Listed records:
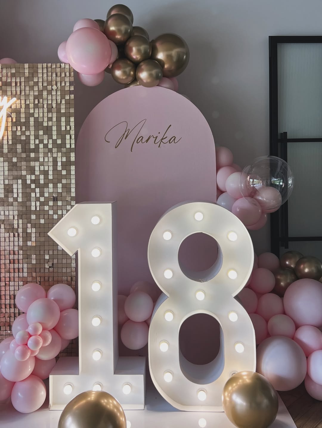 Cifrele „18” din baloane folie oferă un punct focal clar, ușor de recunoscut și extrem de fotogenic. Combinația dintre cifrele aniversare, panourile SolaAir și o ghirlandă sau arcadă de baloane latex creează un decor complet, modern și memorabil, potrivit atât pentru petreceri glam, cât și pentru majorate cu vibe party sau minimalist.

---

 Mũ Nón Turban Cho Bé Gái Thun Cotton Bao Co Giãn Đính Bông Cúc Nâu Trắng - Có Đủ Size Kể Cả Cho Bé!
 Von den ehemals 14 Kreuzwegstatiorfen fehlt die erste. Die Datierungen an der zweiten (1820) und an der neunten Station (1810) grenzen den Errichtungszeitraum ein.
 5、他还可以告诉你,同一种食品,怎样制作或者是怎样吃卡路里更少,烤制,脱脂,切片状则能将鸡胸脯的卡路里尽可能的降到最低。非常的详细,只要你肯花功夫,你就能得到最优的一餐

About this exercise: Start with the line above that contains "Mũ Nón Turban" and stop after the line that contains "5、他还可以告诉你,同一种食". Output those lines exactly, and only those.

Result of the exercise:
 Mũ Nón Turban Cho Bé Gái Thun Cotton Bao Co Giãn Đính Bông Cúc Nâu Trắng - Có Đủ Size Kể Cả Cho Bé!
 Von den ehemals 14 Kreuzwegstatiorfen fehlt die erste. Die Datierungen an der zweiten (1820) und an der neunten Station (1810) grenzen den Errichtungszeitraum ein.
 5、他还可以告诉你,同一种食品,怎样制作或者是怎样吃卡路里更少,烤制,脱脂,切片状则能将鸡胸脯的卡路里尽可能的降到最低。非常的详细,只要你肯花功夫,你就能得到最优的一餐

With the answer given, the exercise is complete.